Team RUC_AIM3 Technical Report at ActivityNet 2021: Entities Object Localization
This work addresses the challenge of grounding descriptions in video analysis for computer vision applications, representing an incremental improvement over previous joint training methods.
The paper tackled the Entities Object Localization problem by separating caption generation and object grounding into two stages, improving each with a unified pre-training model and fine-tuned detection, achieving state-of-the-art results of 72.57% localization accuracy and 0.2477 F1 score on benchmark datasets.
Entities Object Localization (EOL) aims to evaluate how grounded or faithful a description is, which consists of caption generation and object grounding. Previous works tackle this problem by jointly training the two modules in a framework, which limits the complexity of each module. Therefore, in this work, we propose to divide these two modules into two stages and improve them respectively to boost the whole system performance. For the caption generation, we propose a Unified Multi-modal Pre-training Model (UMPM) to generate event descriptions with rich objects for better localization.
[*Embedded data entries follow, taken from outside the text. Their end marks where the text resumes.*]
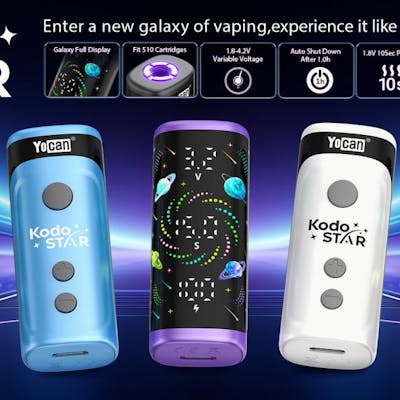 The Yocan Kodo Star is a compact and stylish 510-thread battery designed for use with most standard oil cartridges, delivering a balance of power, precision, and portability. Featuring a striking Galaxy full LED display that shows real-time voltage, battery level, and session information, the Kodo Star puts full control of your vaping experience right at your fingertips. It offers adjustable voltage from 1.8 V to 4.2 V in fine 0.1 V increments, so users can dial in the perfect setting for smooth, flavour-rich draws at lower voltages or warmer, more robust hits at higher levels. The device also includes a 10-second preheat function that runs at 1.8 V to help warm thicker oils and prevent clogging before use. Powered by a 400 mAh battery with fast USB-C charging, the Kodo Star fits easily in a pocket or purse while providing dependable performance throughout the day. With its universal 510 connection and intuitive controls, the Yocan Kodo Star is an ideal choice for anyone seeking precision, convenience, and vibrant style in a cartridge battery.
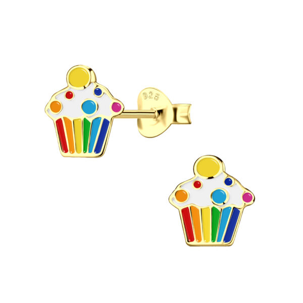 Silver Cupcake Stud Earrings
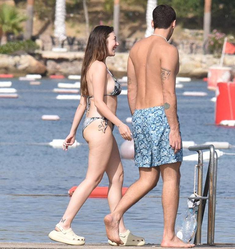 Yasmin Erbil, suya girer girmez sevgilisinin yanına giderek, sımsıkı sarıldığı Poyraz'ı dudağından öptü. Bodrum'da romantik anlar yaşayan sevgililerin, tatide keyifleri bir hayli yerindeydi.
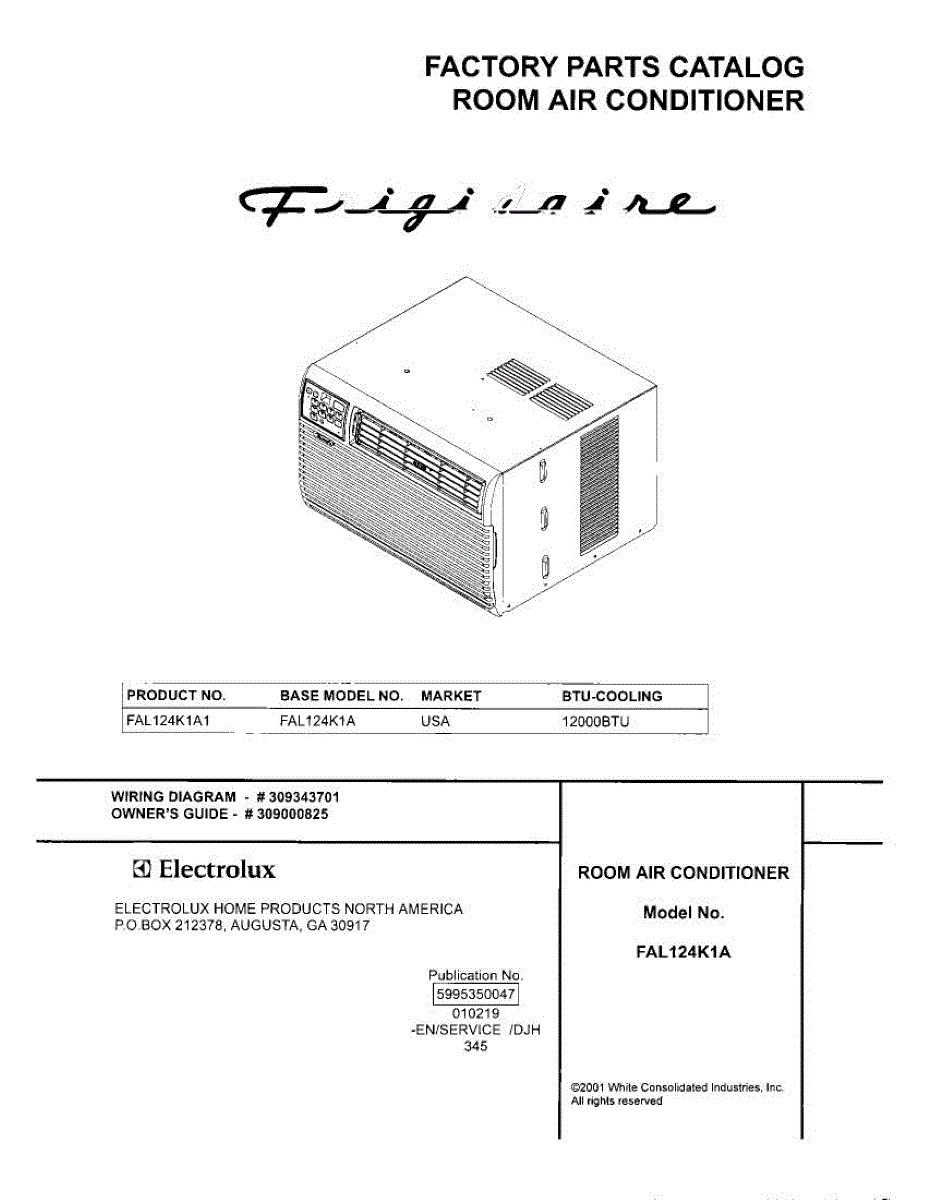 Parts for Frigidaire FAL124K1A1: 01 - Cover Parts
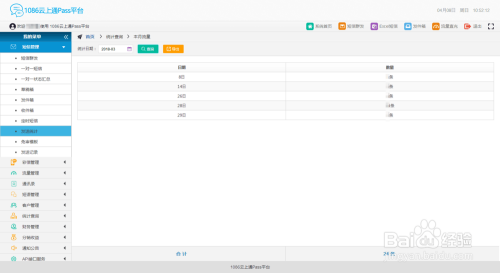 在【发送统计】页面可以查看此账户的短信发送情况。
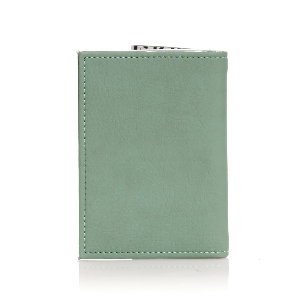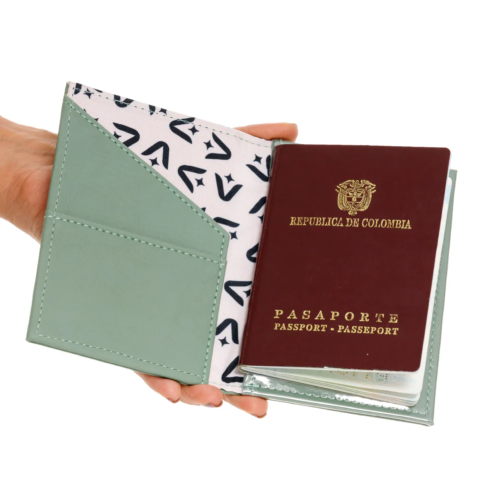 Portapasaporte en color sólido verde. Interior con compartimientos estampados y material vinilo, exterior en cuero vegano 100% colombiano.
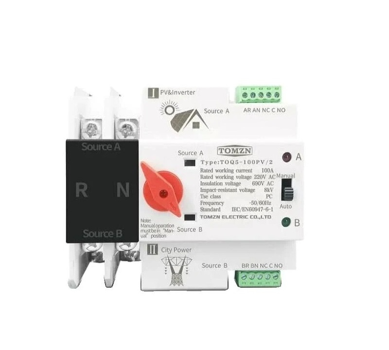 Comutatorul automat de transfer ATS 2P 100A este proiectat special pentru sisteme fotovoltaice cu invertor, unde energia solară reprezintă sursa principală de alimentare. Dispozitivul gestionează automat comutarea între două surse de energie, asigurând continuitatea alimentării fără întreruperi perceptibile.
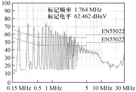 根據(jù)圖3 所示的結(jié)構(gòu)。繞制變壓器,并在交流整流濾波后增設(shè)13 mH 差模濾波電感和6. 8差模濾波電容,對(duì)開關(guān)電源進(jìn)行傳導(dǎo)EMI 測(cè)試,結(jié)果如圖6 所示。由圖6 可見,傳導(dǎo)EMI 非常嚴(yán)重,不能通過電磁干擾測(cè)試。在交流整流前增設(shè)35 mH 共模濾波電感,傳導(dǎo)EMI 測(cè)試結(jié)果如圖7 所示,產(chǎn)品即可通過測(cè)試。比較測(cè)試結(jié)果可得出:在圖3 所示的電路中,主要是由于大量共模傳導(dǎo)EMI,才使電源不能通過電磁干擾測(cè)試。
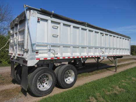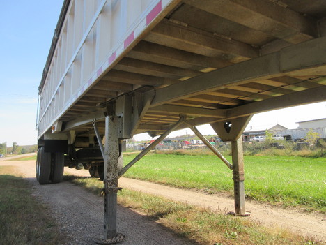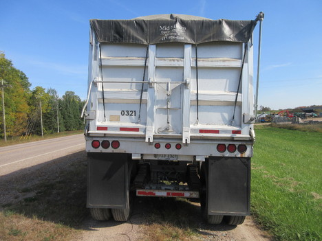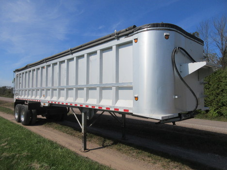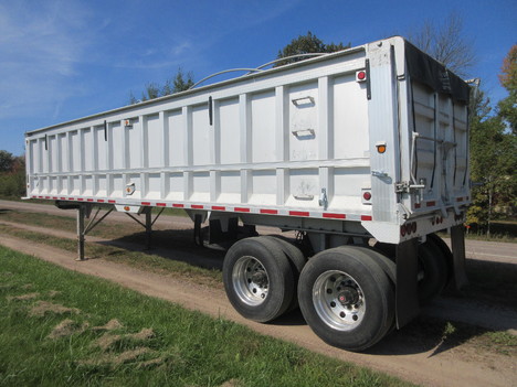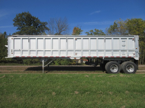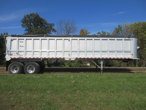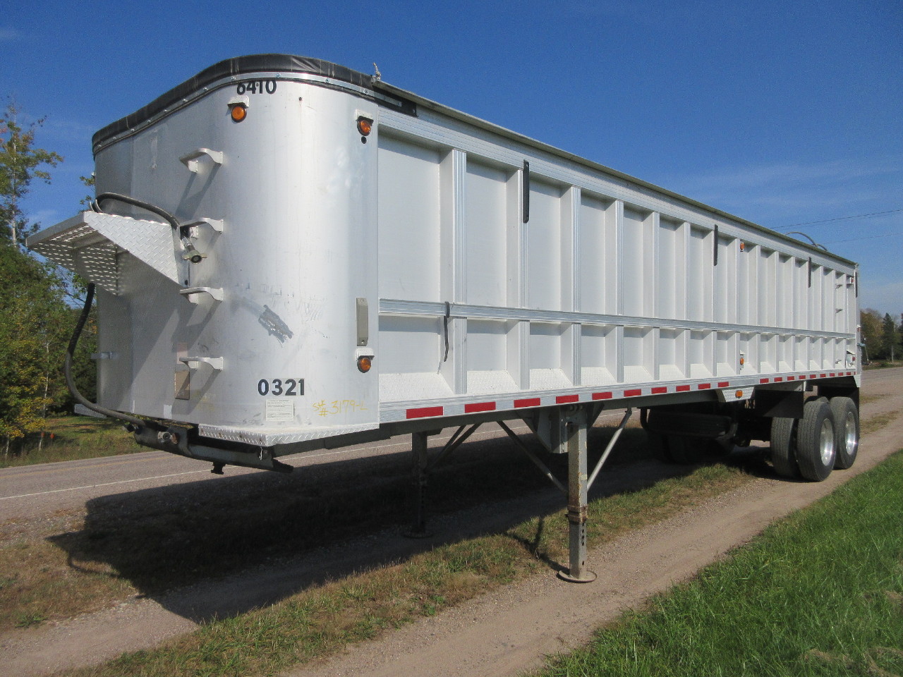 hinged 5th plate, 80,000# GVWR, 65" sides, 35' long, 8' width, 18" king pin setting, roll tarp, flip tailgate w/ grain chute, single line hyds
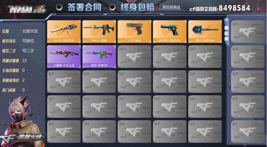河北一区-26V-0王者武器数-1炫金武器数【热门武器】:M200-竞技荣光,USP-雷暴
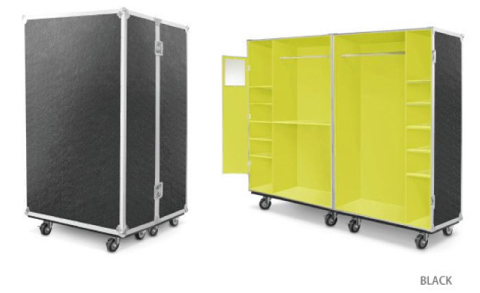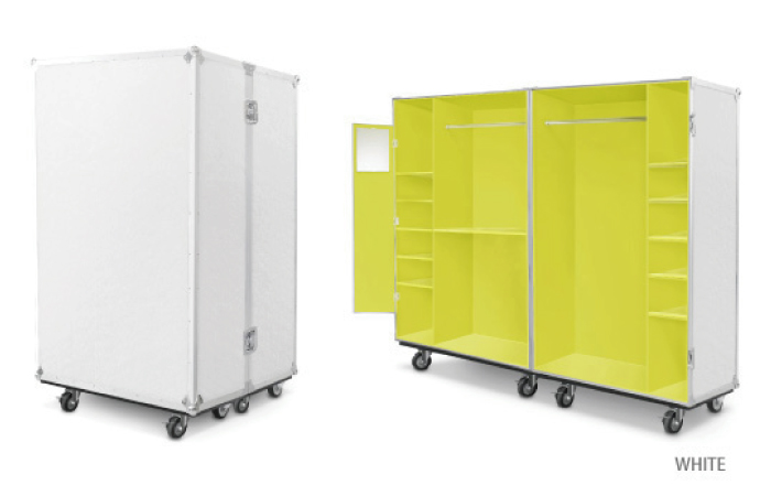 衣装をハンガーにかけたまま収納出来るケースです。 両サイドは棚になっており、靴や鞄、小物などもしっかり整理して収納できます。 内扉には鏡が付いています。 キャスター付きですので、移動も楽に行えます。
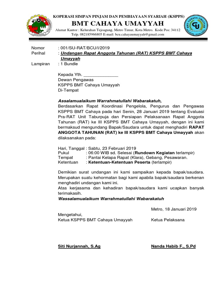 Contoh Surat Undangan Rapat Akhir Tahun Koperasi Berbagi – Corona …
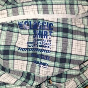 Old navy men's plaid button-down XL pit to pit size is 25" top of shoulder to bottom hem is 31" if you have any questions please message me bundle more items for bigger deals Bin-112
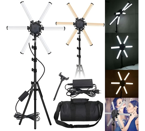 Aro De Luz Led 65cm Estrella 6 Tubos Iluminación Fotografía Negro
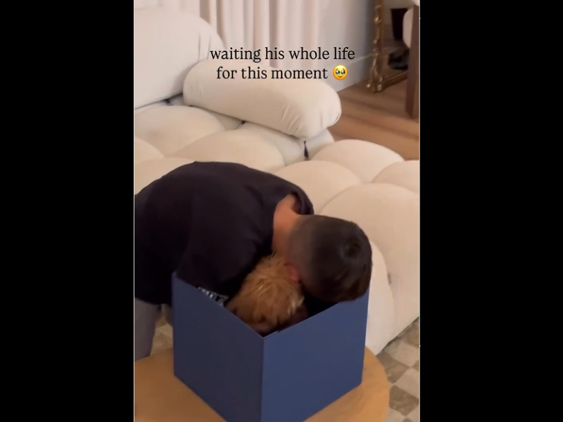 Веднаш потоа родителите му даваат уште една кутија во која се наоѓа вистинско кученце. Момчето ја отвора кутијата и сфаќа дека внатре има живо кученце, па почнува силно да плаче.
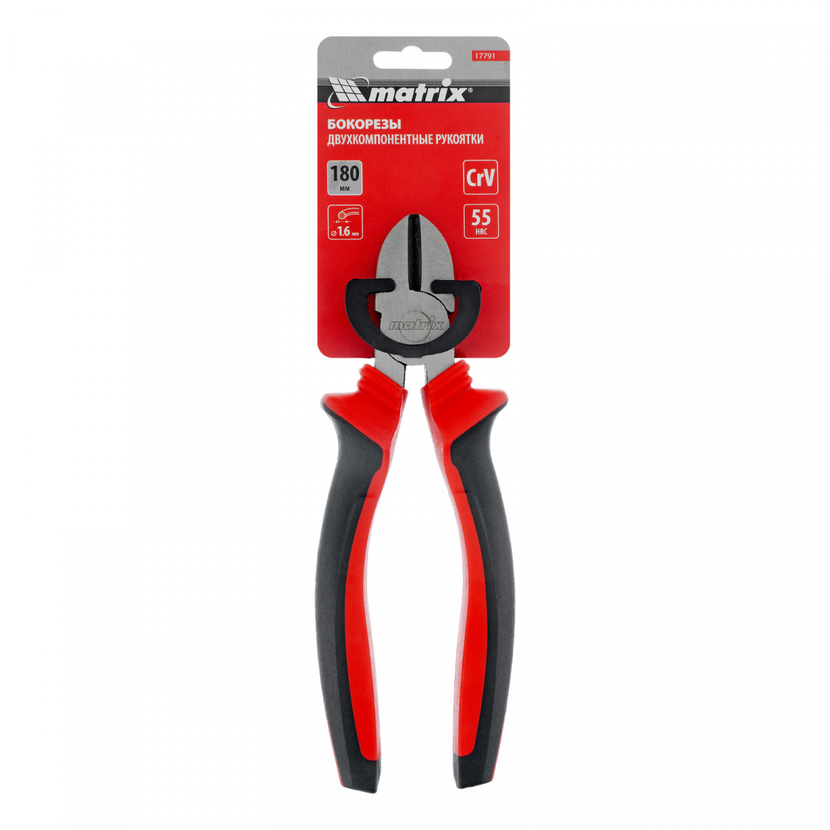 Бокорезы Matrix 17791 длиной 180 мм, из хромованадиевой стали, с двухкомпонентными рукоятками, предназначены для выполнения слесарных и ремонтно-монтажных работ: разрезания проводов, кабелей, стальной проволоки и гвоздей диаметром до 1,6 мм. Пригодятся в частной мастерской или на строительной площадке, будут полезны не только начинающему мастеру, но и профессионалу.
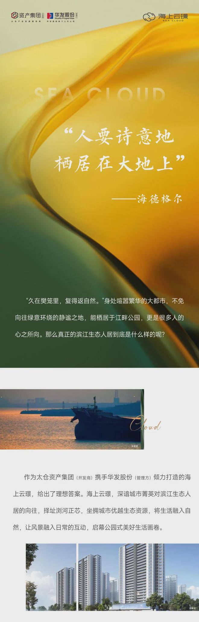 两大国匠联手,以1+1>2的实力,倾注数十载精工造诣与人居智慧,打造滨江活力住区——海上云璟。怀揣着对生活的深度精研,以自然、社交、舒适为设计灵感,为居住打造一个有文化气息、有场所记忆、有宜人尺度的,面向未来的“滨江活力住区”。
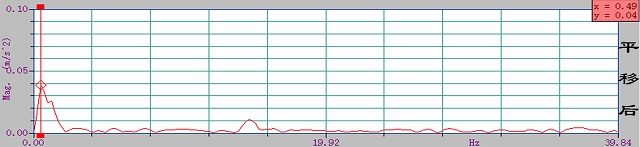 平移后的測試結(jié)果:根據(jù)實(shí)測的實(shí)時譜曲線,平移后二層樓面振動測點(diǎn)的主頻為0.49HZ(振動周期2.04s)。
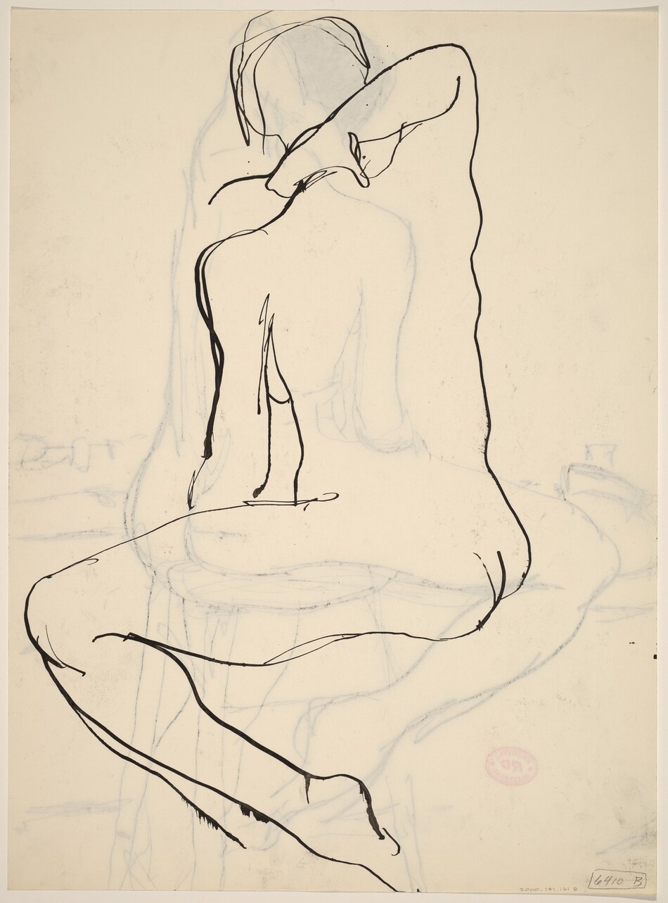 Untitled [back view of a nude holding her neck with her right hand] [verso]
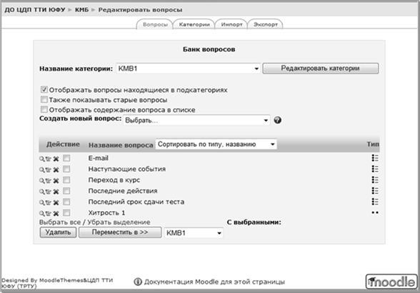- переместить в другую категорию: с помощью кнопки "Переместить в >>", предварительно выбрав несколько вопросов и указав конечную категорию;
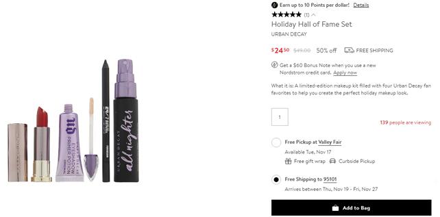 | 内容: | Nordstrom的这款URBAN DECAY Holiday套装,价值$80,现售价降至5折$24.5; 结账自选3小样,结账页面自选即可; 套装包含URBAN DECAY正装眼部打底10ml、正装唇膏 Bad Blood、正装眼线笔Zero、旅行装定妆喷雾30ml,总价值$80。
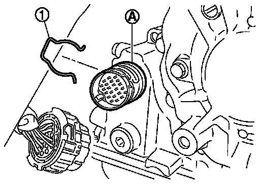 5.Remove the snap ring (1) from the CVT unit connector (A).
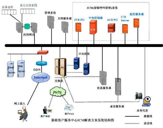 新晨的客戶服務(wù)中心解決方案是一整套全面的解決方案,有基于IP、基于電話交換機(jī)和基于語(yǔ)音板卡多種實(shí)現(xiàn)方式,可以適合于金融、保險(xiǎn)、證券、政府、航空、郵政、制造業(yè)等不同行業(yè)客戶各種規(guī)模客戶服務(wù)中心應(yīng)用需求。
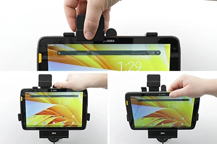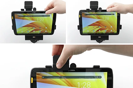 The Zebra ET4x series Module Upgrade Cradles from Brodit are designed to withstand frequent wear and tear in professional every day use, providing a more productive working day and better working environment with your device within sight and reach. Safe, efficient and convenient!

For the object grounding, we fine-tune the state-of-the-art detection model MDETR and design a post processing method to make the grounding results more faithful. Our overall system achieves the state-of-the-art performances on both sub-tasks in Entities Object Localization challenge at Activitynet 2021, with 72.57 localization accuracy on the testing set of sub-task I and 0.2477 F1_all_per_sent on the hidden testing set of sub-task II.